If you’ve been following Smaggle for a while, you’ll know that I value order in my life above pretty much everything else. I’m not super weird about it but I enjoy empty surfaces and organised drawers and I spend a fair amount of time keeping things in order. It calms me and I also really like living in a clean and tidy house.
There’s one thing though that seems to be the hardest to control – every few months I find myself drowning in other people’s stuff in my own home. Sometimes it’s my own fault because I’ll borrow a jumper from my mate’s place and wear it home but other times it’s totally their fault. Like when they stop by on their way home from the shops and they leave an umbrella, a hat and a few bags of long life milk in a bag on the floor. Then you don’t see them for a month and that’s a full month you’ve got this annoying bag of their shit just sitting near your front door, pissing you off every day as you walk past it.

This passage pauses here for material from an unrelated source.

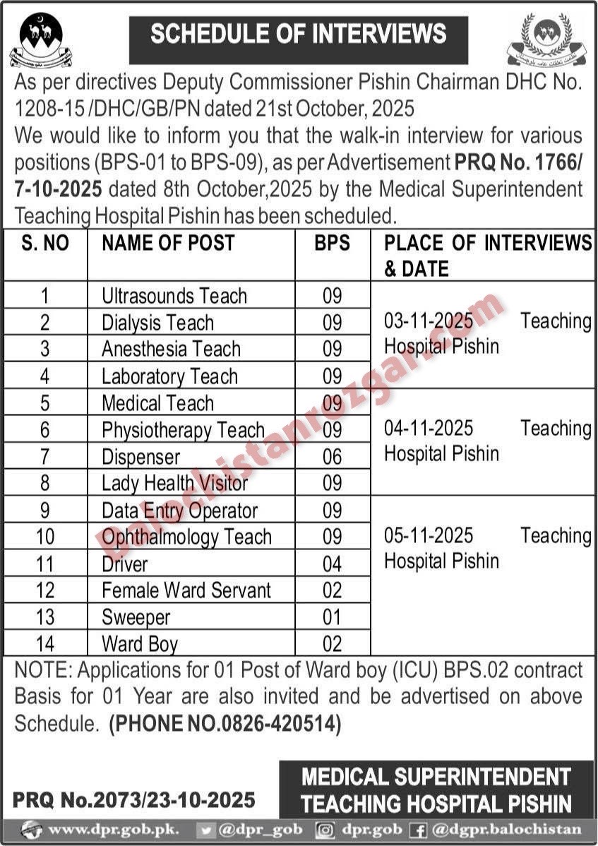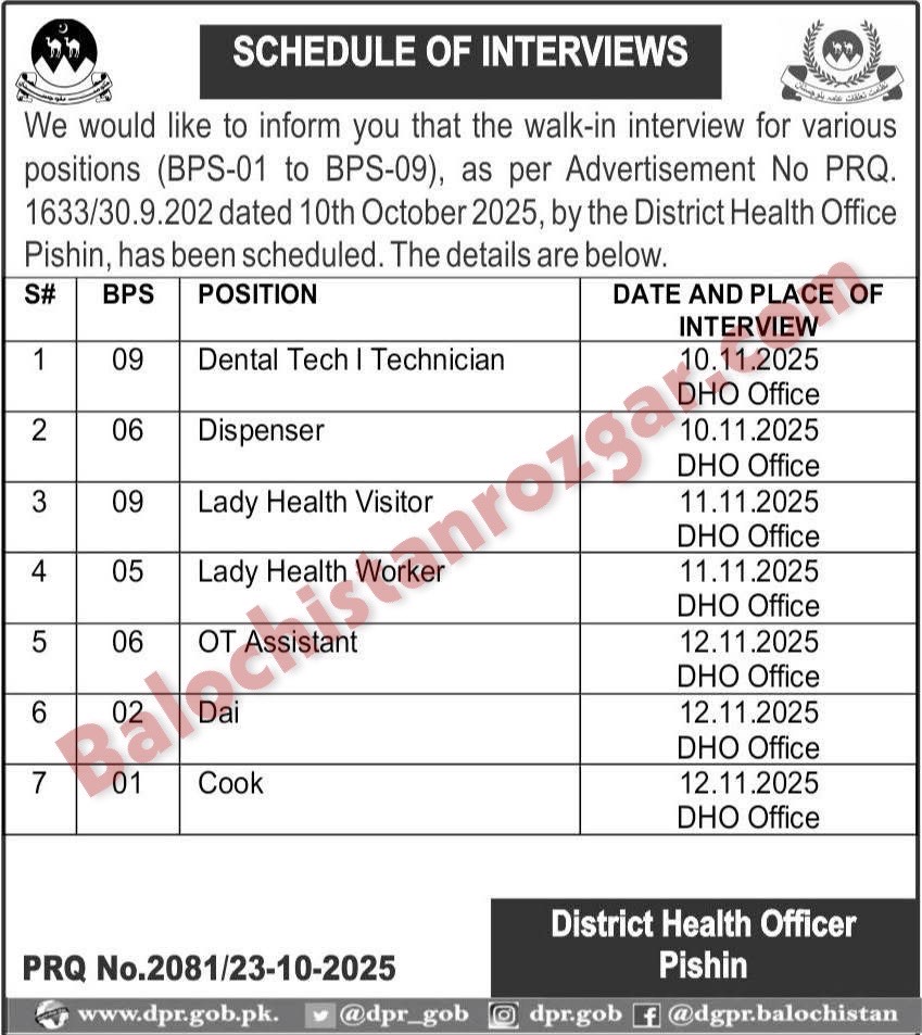 Health Department Pishin has scheduled Interview for their vacant post which was published in newspaper. Those candidates From Pishin who applied for these Health Department Pishin jobs are informed that their Interview Shall be conducted on the following schedule below.

As it’s a New Year, lets try to get all those rogue items back to their owners by the end of January. Here are a few ways you can get other people’s crap out of your house.
1. Do a Facebook shout out
I’m forever finding books, CDs and DVDs in my house that I’m 100% sure don’t belong to me but I have no clue who they actually belong to. So I’ll take a photo of the item, post it to Facebook and tag anyone who might be a likely owner of the item. If no one claims it and I can’t find the owner, I donate it to charity. No biggie. Then if someone calls me crying in 5 years time because I never returned their DVD copy of Moulin Rouge, I’ll buy them another one. Hasn’t happened yet though. If someone claims it, I attach a post-it note to the item and put in my Returns Drawer. What’s a Return Drawer you ask? Read on, petal.
2. Create a Returns Drawer
I have a drawer in my house that is full of things to return to different people. Right now there are about 3 jumpers, a couple of Tupperware containers, some books and about half of everything my best mate owns. I used to have a pile of crap sitting next to the door but it made me so angry I had to create the returns drawer so I didn’t have to keep looking at the pile. The beauty about the returns drawer is that it’s usually filled with stuff from people who you see all the time because they’re the ones that are most likely to have left their stuff at your house. If I’m meeting a friend that I see regularly, I check the draw for their stuff and take it with me. Easy peasy. I’ve also been loaned lots of amazing baby stuff for our newborn girl and I have big Ikea bags that I’ve labelled so when I’m done using the thing the person lent me like newborn onesies or a breast pump – I can pop that thing in the bag for the person who lent it to me.
3. Imagine there’s an invisible shit-repeller that is attached to your door
Well-meaning relatives and friends will often clear out their own cupboards and insist that the items they don’t want must immediately find a new forever home at your house. No matter how many times you refuse they will insist that you take the ‘perfectly good punch bowl’ and get some use out of it. My philosophy is that if I’ve refused an item three times and someone gives it to me anyway, I’ve earned the right to donate it on my way home. I have an invisible door shit repeller that doesn’t allow items like this to cross its path. For example 2 years worth of New Idea magazines that my friend’s mum palmed off on me? THOU SHALL NOT PASS! A super ugly, free-with-purchase vase that I tried to refuse as the pushy sales assistant shoved it into my bag? THOU SHALL NOT PASS! Treat items like this as the plague they are and remember the catchphrase… THOU SHALL NOT PASS!
4. Use your words and say no
I live in Fitzroy in Melbourne where space is scarce and the population is transient. I currently have about 6 boxes belonging to various friends in the storage cage of my apartment. This is not a problem at all, because I’m not looking at it. I don’t even know it’s there most of the time. However, I have a friend whose OS boyfriend is storing boxes at his place IN HIS KITCHEN. They are stacked in the corner of the kitchen, driving him mental on a daily basis. Hells no. If you have space and you don’t mind, then fine. If you end up having to make a table out of someone else’s boxes of crap, just so they’ll fit in your house, it’s time to say no my friend. N. O.
5. Be a very vocal minimalist
I get sent lots of products and things to try for the blog – way more than one person can use on their own – so every now and then I put together gift bags for my mates. A few years ago one of my mates politely asked me to stop giving her these packages because she wasn’t using the products and they were just cluttering up her house. How ace is that? I’m so pleased she told me and I took her off the gift bag list immediately and gave the products to someone who would actually use them. Never feel bad about telling people you don’t want them to give you stuff. I’ve been blogging and podcasting for years and I’ve mentioned several times that I don’t really like getting birthday gifts unless they’re useful and/or wine. I’ve pretty much only been given wine for my last 5 birthdays. Mission accomplished.